Carbon Sciences is furthest along in the CO2-to-fuels quest. McLeish founded the company in 2006 as Zingerang, a mobile communications provider. But faced with a crowded wireless marketplace in 2007, he and other investors pivoted sharply from communications to carbon. They also changed the company's name, went public and raised $2.5 million.

In June, company chief technology officer Naveed Aslam figured out a way to break down CO2 at low temperature and pressure. His secret? Biocatalysts.
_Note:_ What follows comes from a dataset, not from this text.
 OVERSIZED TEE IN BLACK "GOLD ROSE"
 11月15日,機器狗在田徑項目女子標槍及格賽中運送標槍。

Although catalysts, such as enzymes and bacteria, can split CO2, they're very expensive, and typically must be replaced after every reaction. Aslam invented a polymer shell that protects them so they can be recycled. The same technology can extract hydrogen from water, avoiding the need for energy-intensive hydrolysis. The carbon and hydrogen are joined to form methanol, which can be refined into gasoline or jet fuel.
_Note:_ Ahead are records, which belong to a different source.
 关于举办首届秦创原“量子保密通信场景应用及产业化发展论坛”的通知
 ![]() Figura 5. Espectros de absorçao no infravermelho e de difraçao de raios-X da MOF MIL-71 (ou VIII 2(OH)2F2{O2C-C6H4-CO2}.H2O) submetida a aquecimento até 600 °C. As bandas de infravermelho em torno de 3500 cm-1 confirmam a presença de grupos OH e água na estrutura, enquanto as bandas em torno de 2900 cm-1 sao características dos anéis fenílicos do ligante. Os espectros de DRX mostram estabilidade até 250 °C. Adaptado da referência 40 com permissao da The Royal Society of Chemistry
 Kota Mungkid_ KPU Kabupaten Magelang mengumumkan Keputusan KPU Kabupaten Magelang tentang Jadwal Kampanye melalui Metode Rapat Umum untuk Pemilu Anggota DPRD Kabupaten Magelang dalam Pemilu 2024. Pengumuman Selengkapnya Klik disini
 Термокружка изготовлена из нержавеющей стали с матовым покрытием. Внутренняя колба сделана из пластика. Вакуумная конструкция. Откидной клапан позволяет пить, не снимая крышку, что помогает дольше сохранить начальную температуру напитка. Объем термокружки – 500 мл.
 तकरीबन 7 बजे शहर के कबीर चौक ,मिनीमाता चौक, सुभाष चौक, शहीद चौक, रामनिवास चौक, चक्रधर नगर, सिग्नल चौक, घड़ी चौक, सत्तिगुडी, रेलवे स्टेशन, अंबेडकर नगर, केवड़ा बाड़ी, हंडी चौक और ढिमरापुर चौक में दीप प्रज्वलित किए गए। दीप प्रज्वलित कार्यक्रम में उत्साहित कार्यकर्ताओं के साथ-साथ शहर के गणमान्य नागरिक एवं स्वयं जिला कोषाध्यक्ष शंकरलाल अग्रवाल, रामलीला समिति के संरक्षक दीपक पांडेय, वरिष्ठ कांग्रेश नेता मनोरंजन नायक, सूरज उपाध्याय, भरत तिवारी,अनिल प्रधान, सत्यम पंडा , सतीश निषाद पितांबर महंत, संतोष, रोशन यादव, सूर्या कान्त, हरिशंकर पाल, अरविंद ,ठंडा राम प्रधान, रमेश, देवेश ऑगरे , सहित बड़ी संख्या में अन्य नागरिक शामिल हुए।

Aslam believes catalysts can be reused up to several million times but can't be certain until a prototype is completed this quarter. Costs should be competitive with ethanol, which now wholesales for about $1.65 a gallon, executives say.

Many companies are working to convert the hydrocarbons in algae and plant waste into biodiesel and cellulosic ethanol. But McLeish says, "Ours is the most direct path," and ultimately, quicker and cheaper.

Carbon Sciences likely would license its technology to oil refiners, which emit large amounts of CO2 and have the expertise and infrastructure to produce gasoline, McLeish says. Other prospects include coal plants and concrete makers, which are big CO2 producers and will likely have to install technology to capture it. Although CO2 culled from such sources ultimately would be emitted through tailpipes, it would displace new oil, substantially reducing carbon emissions. McLeish expects a commercial deployment by 2011.

David Doniger, policy director for the Natural Resources Defense Council, says such technology would be better for the environment than burning new fossil fuels. But he would prefer to capture CO2 from coal plants and store it underground — technology that's at least a decade away — and shift from gasoline-fueled cars to electric vehicles supplied by wind or solar energy.

Other CO2-to-fuel approaches:

•Sunlight. Sandia lab researchers are tapping the sun's power to minimize energy use. They've invented a reactor containing a ceramic ring made of iron oxide and cobalt. A solar concentrator heats the ceramic material to 2,700 degrees Fahrenheit, forcing it to give up its oxygen. The ring then rotates to a colder chamber containing carbon dioxide. Having released its oxygen, the ceramic borrows oxygen atoms from the CO2, leaving carbon monoxide only. The cycle repeats continuously.

The same process removes oxygen from water to produce hydrogen. The carbon monoxide and hydrogen are joined to make a synthetic gas, which can be turned into methanol or gasoline. A prototype is scheduled to be ready late this month.

•Wind. Morphic Technologies of Sweden has patented an enzyme to absorb CO2 from the air. Wind-turbine blades, coated with the enzyme, generate a huge air mass as they spin. CO2 sticks to the blades and is transported to the base of the turbine. There, excess energy from the wind turbines splits the CO2 and water into carbon and hydrogen. Since it's scraping CO2 from the air, Morphic could sell carbon credits to industries that must cut or offset emissions under expected greenhouse gas restraints, says CEO Martin Valfridsson.

Ahmed Ghoniem, an MIT professor of mechanical engineering, says CO2-to-fuels projects are technically feasible but face high hurdles. "Can you scale it up to produce a sufficient amount of (fuel) so you can build a business around it? It's challenging."